Genocides have occurred for centuries around the world even before the crime had a name. No two genocides are exactly alike, but all have resulted in devastation and the loss of innocent lives. Some genocides lasted for years like the Holocaust, while some only lasted around 100 days as seen during the Rwandan genocide. Whether a genocide is widespread across a country like the Cambodian genocide, or primarily located in a small town like the Srebrenica massacre, it is undeniable that genocides destroy families, communities, ethnic groups, and nations.

According to the United Nations Office on Genocide Prevention and the Responsibility to Protect, the term “genocide” was first used in 1944 by Raphael Lemkin, a Polish lawyer. Derived from the Greek prefix geno and the Latin suffix cide, the term literally means race or tribe killing.

While the term was adopted in reference to the Nazi’s systematic murder of Jews in Europe, it also gave a name to the previous targeted killings of different groups throughout history. Genocide is a crime that many experts believe has occurred since ancient times; however, it was not recognized as an international crime until 1946 and was not codified as a crime until the 1948 Genocide Convention

Since the crime of genocide was established in international law, there have been many efforts made to prosecute and hold the orchestrators and actors of genocides accountable, as well as to bring some sense of justice to the countless victims and survivors. The first official genocide conviction under international law did not occur until 1996, following the Rwandan genocide.

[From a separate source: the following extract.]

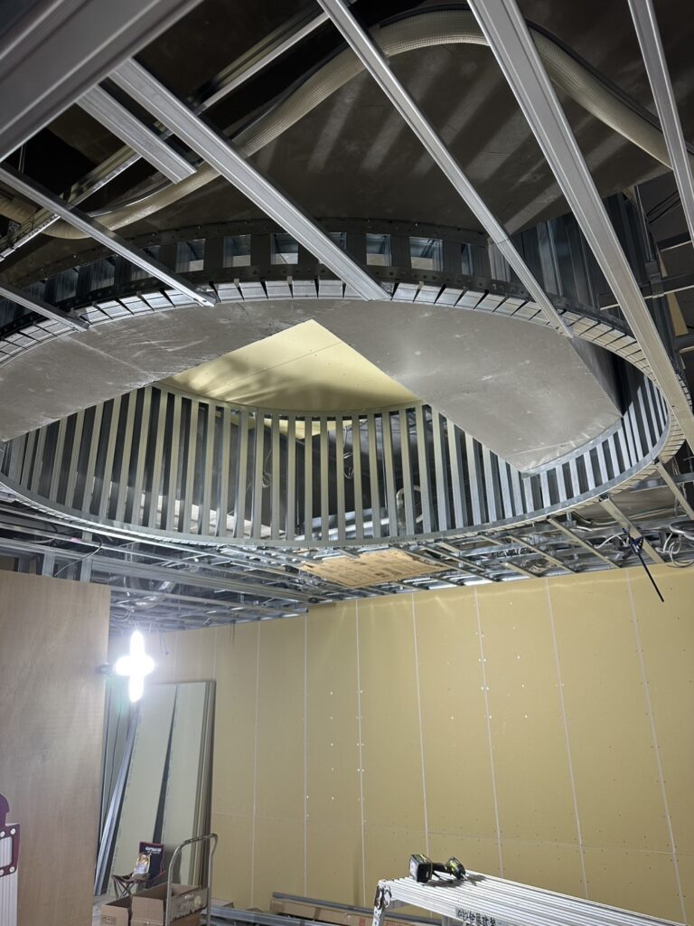 軽量鉄骨は曲げ加工が容易であるため、このような曲線的な造形にも柔軟に対応できます。
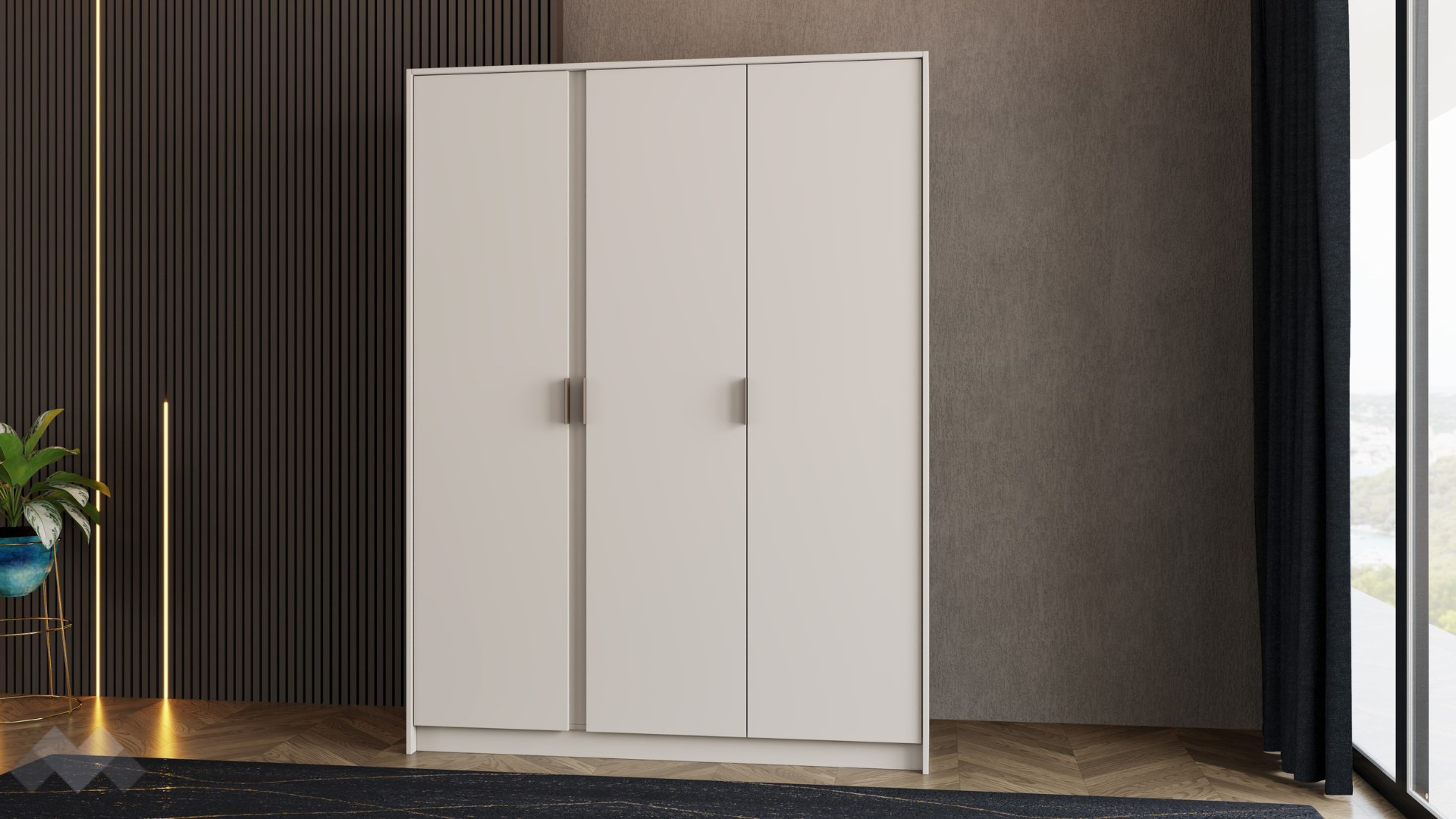 Трикрилният гардероб Кашмир е отлично решение за домове, в които организацията и удобството са на първо място. Благодарение на добре обмисленото вътрешно разпределение, той осигурява изобилие от пространство за всякакъв тип дрехи и аксесоари.

Previous genocides, such as the Holocaust, were previously prosecuted as crimes against humanity, as opposed to the specific crime of genocide.

Today, the International Criminal Court (ICC) is the judicial body responsible for prosecuting all crimes against humanity and genocide. To understand more about how the ICC works, how genocides get prosecuted, and how groups seek justice and healing, we asked SIS professors Chris Rudolph, Jeffrey Bachman, Claudine Kuradusenge-McLeod, and Barbara Wien to share their expertise on these topics.

Establishing the International Criminal Court

The International Criminal Court was created under the Rome Statute on July 17, 1998, which was signed by 120 countries. The ICC and Rome Statute officially went into effect on July 1, 2002, following ratification by 60 countries. The United States signed the Rome Statute but has not ratified it. The United States currently holds observer status in the ICC Assembly of States and has updated national laws to include Rome Statute offenses. 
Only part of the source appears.